- Education: University of Oxford; Harvard University (PhD);
- Awards: Sloan Research Fellow; APS Fellow;
- Scientific career
- Fields: Particle physics
- Workplaces: University of California, Berkeley; Harvard University;
- Academic advisors: Howard Georgi
- Doctoral students: Nima Arkani-Hamed Stephen Hsu

= Lawrence John Hall =

Theoretical particle physicist

Lawrence John Hall is a theoretical particle physicist and professor at the University of California, Berkeley and the Berkeley Center for Theoretical Physics.

== Biography ==
Hall received his bachelor's degree from Oxford in 1977 and his Ph.D. from Harvard in 1981 with Howard Georgi. He was a Miller Fellow at Berkeley and an assistant professor at Harvard where he was a Sloan Foundation Fellow, before becoming professor at Berkeley in 1983, where he won a Presidential Young Investigator Award.

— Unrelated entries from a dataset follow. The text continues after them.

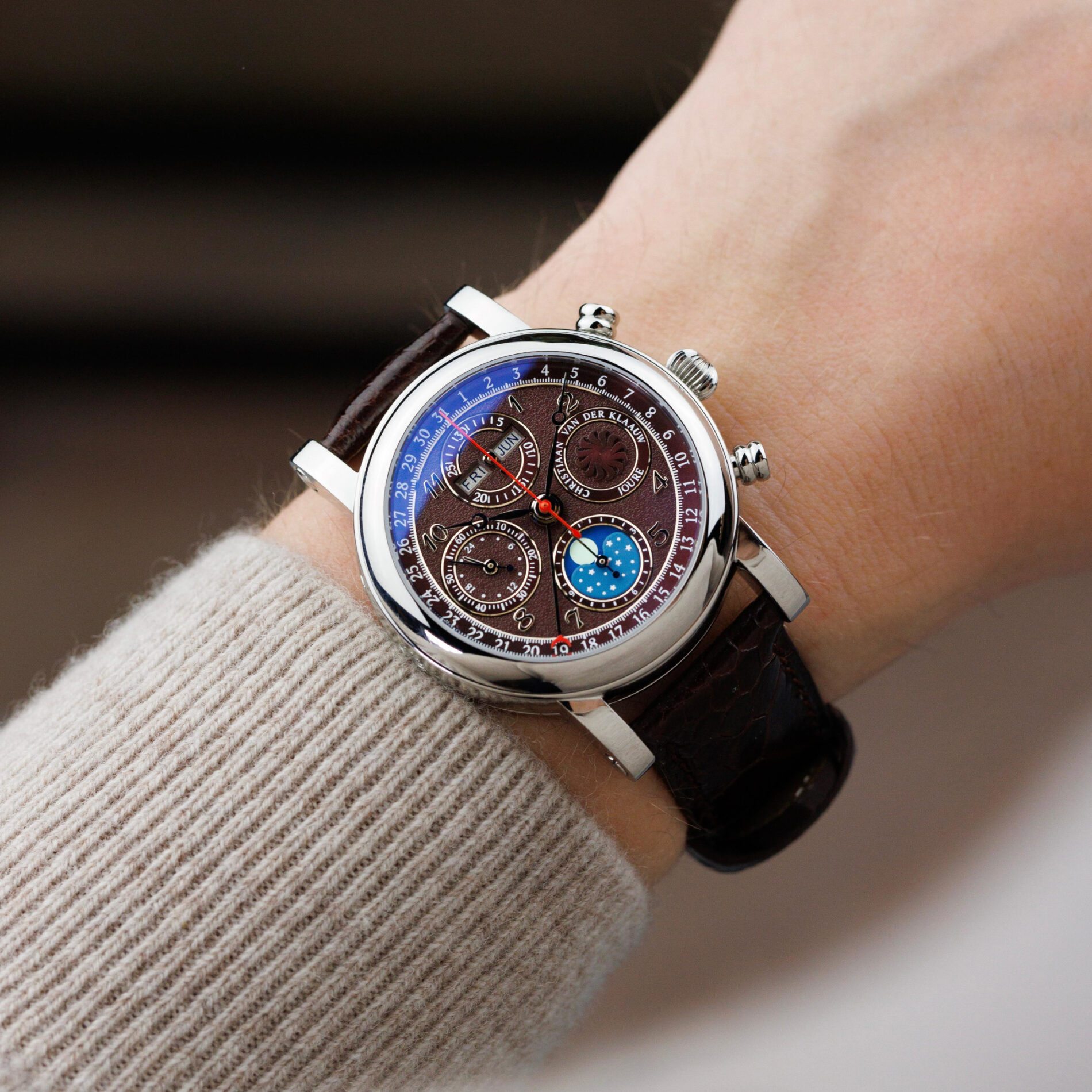 Astronomische horlogerie op z’n best, in een modern, sportief design. Deze chronograaf geeft de verstreken seconden, minuten en uren aan. Het horloge heeft een volledige datum-aanduiding, maanstand indicatie en de aanduiding van tijd op een 24-uurs schaal. Onderin op de 6 uurs positie is de maanstand af te lezen. Wanneer de Maan links van het midden staat bevindt de Maan zich in het eerste kwartier. Wanneer de beeltenis in het midden staat is het volle Maan en aan de rechterkant van het midden bevindt de Maan zich in het laatste kwartier. Indien de Maan niet zichtbaar is ziet men in het venster een prachtige sterrenhemel en is het nieuwe Maan.
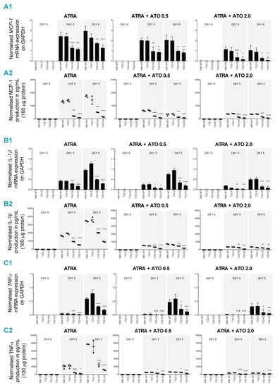 DS, which can be fatal in 2.5–30% of cases in its moderate or severe forms, is characterized by the presence of a large number of inflammatory, differentiated leukemic cells in the bloodstream that synthesize and secrete chemokines and cytokines, triggering a so-called “cytokine storm.” We previously showed that MCP-1, IL-1β and TNFα were secreted in a TG2-quantity-dependent manner in differentiated NB4 cell lines. MCP-1, IL-1β and TNFα were measured at the mRNA and protein levels in ATRA, ATRA + ATO 0.5 μM, and ATRA + ATO 2.0 μM differentiated NB4 WT, NB4 TG2-C, NB4 TG2-KD and NB4 TG2 KO-cell culture systems. Overall, at day 5, mRNA levels of MCP-1, IL-1β and TNFα were approximately 50% lower for the combined ATRA + ATO 2.0 μM treatment than for ATRA, but these values were further reduced in a TG2-quantity-dependent manner (Figure 3(A1,B1,C1)). At day 5, we observed the effective inhibition of MCP-1, IL-1β and TNFα (with 5×, 10× and 20× lower values, respectively, than the controls) in the case of NB4 WT cells in combined therapy, especially ATRA + ATO 2.0 µM, with respect to proinflammatory cytokines and the chemokine content of cell culture supernatants. These values were further reduced in a TG2-quantity-dependent manner (Figure 3(A2,B2,C2), Table S1).
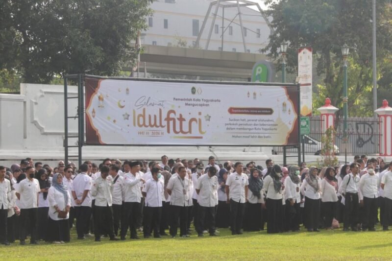 JOGJAOKE.COM, YOGYAKARTA — Wali Kota Hasto Wardoyo menekankan pentingnya sikap saling memaafkan dengan tulus serta membangun semangat gotong royong sebagai bagian dari nilai keimanan. Hal tersebut disampaikan saat memimpin Apel dan Halal Bihalal Pegawai Pemerintah Kota Yogyakarta yang digelar di Balai Kota Yogyakarta, Rabu (25/3).
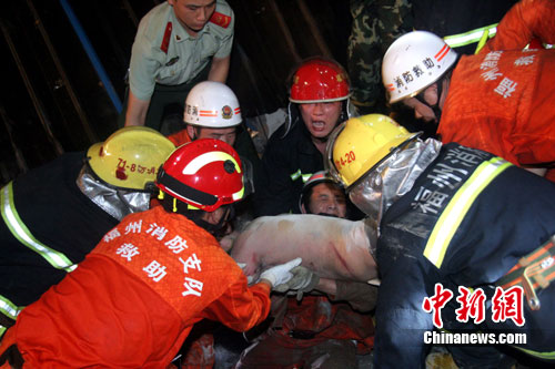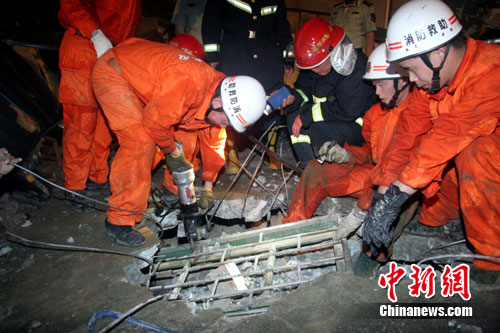 隨著救援進程在加快,一塊塊阻礙救援的鋼筋混凝土樓板和房梁被移開!袄靡簤褐喂ぞ甙褬前鍝纹饋恚瑠A縫里有人!”為避免現場再次塌落,救援官兵利用液壓支撐工具把三樓樓板撐起來。21時55分,消防官兵在現場北面搜又救出1名被埋人員。
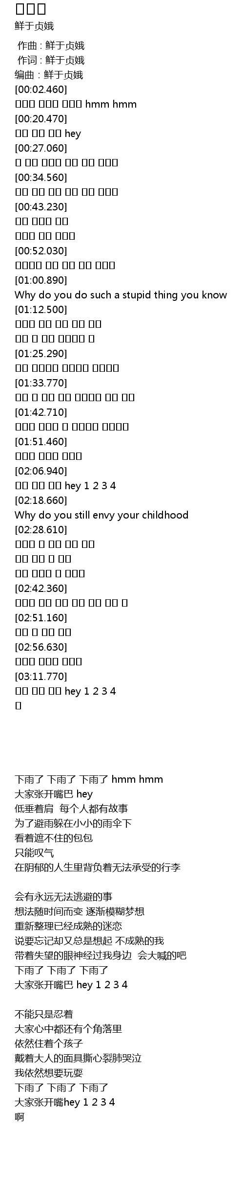 | [00:03.530] | 下雨了 下雨了 下雨了 hmm hmm |
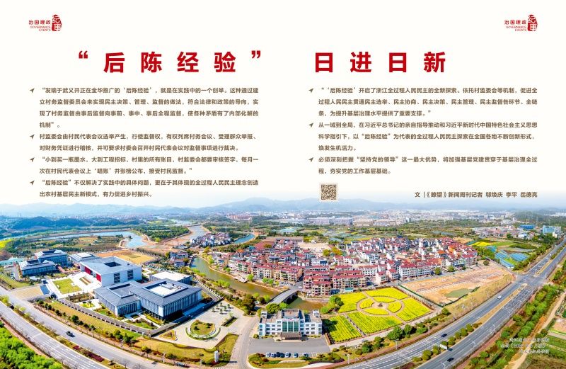 ◇“‘后陈经验’开启了浙江全过程人民民主的全新探索。依托村监委会等机制,促进全过程人民民主贯通民主选举、民主协商、民主决策、民主管理、民主监督各环节、全链条,为提升基层治理水平提供了重要支撑。”
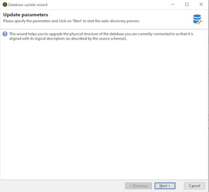 要应用对架构所做的修改,请启动数据库更新向导。 可以通过 Tools > Advanced > Update database structure 访问此助手。 它检查数据库的物理结构是否与其逻辑描述匹配,并执行SQL更新脚本。

Hall is notable for his theoretical contributions to a wide span of research topics such as physics beyond the Standard Model, including supersymmetry and dark matter, in addition to his work on the weak force, cosmology, and grand unified theories. He was named a Fellow of the American Physical Society in 1993 "for numerous original contributions to the phenomenology of weak interaction, supersymmetry and supergravity, and the physics of the early universe."

He supervised the doctoral thesis of Nima Arkani-Hamed (1994).